Clarification
under Section 372A (3) of the Companies Act, 1956
General Circular
No. 06/2013, File No. 5 /03/2013-CL-V, Dated 14.03.2013
All Regional
Directors,
All Registrar of
Companies,
All
Stakeholders.
It is observed
from the Budget 2013-14 authorizes Union Govt to raise Rs. 50,000 crores (Tax
Free Bonds). These bonds carry a lower rate of interest, currently in the range
of 6.75% to 7.50% which is tax free under Section 10(15)(iv)(h) of the Income
Tax Act, 1961. Such bonds were also provided for in Budget 2012-13, but the
response had been poor due to restrictions under Section 372A(3) of the
Companies Act, 1956.
2. Ministry of
Finance had drawn the attention of this Ministry to Section 372A(3) of the
Companies Act with a view to effectively implement the announcement made in the
Budget.

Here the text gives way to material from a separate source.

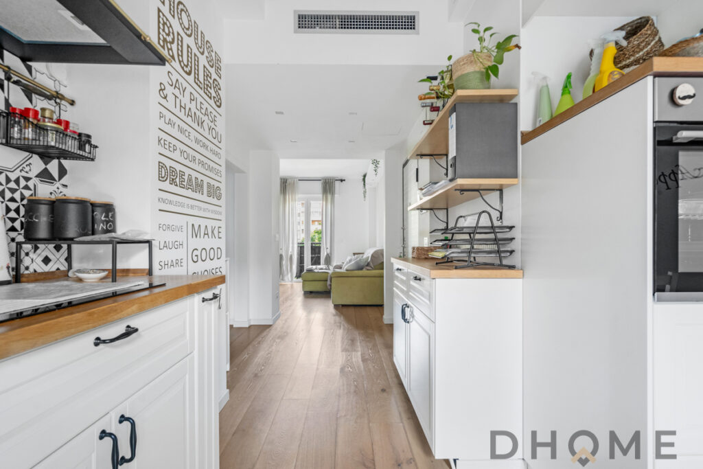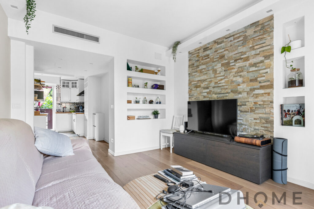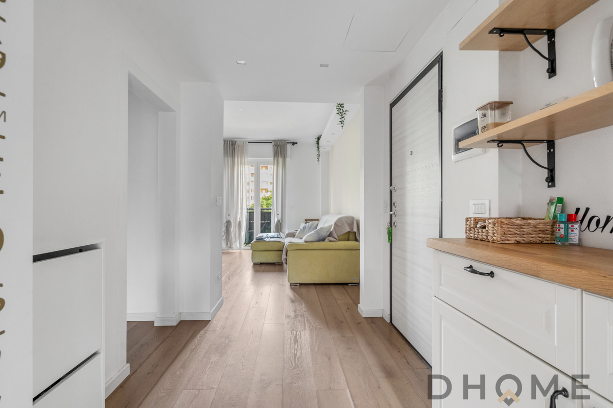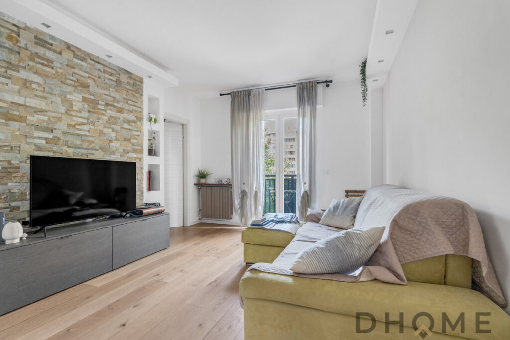 L’appartamento, completamente ristrutturato nel 2018 con finiture moderne e materiali di qualità, presenta una distribuzione funzionale degli spazi: l’ingresso si apre direttamente sull’ampio soggiorno, caratterizzato da una doppia esposizione che garantisce un’eccellente luminosità durante tutto l’arco della giornata. La cucina è abitabile, separata e ben organizzata.

Section 372A(3) of the Act interalia provides that “No loan to any body corporate shall be made at a rate of interest
lower than the prevailing bank rate, being standard rate made public under section
49 of the Reserve Bank of India Act, 1934 (2 of 1934)”.
3. It is hereby
clarified that in cases where the effective yield (effective rate of return) on
tax free bonds is greater than the yield on prevailing bank rate, there is no
violation of Section 372A(3) of Companies Act, 1956.
4. This circular
is effective from the date of issue.
5.
This issues with the approval of Hon'ble Corporate Affairs Minister.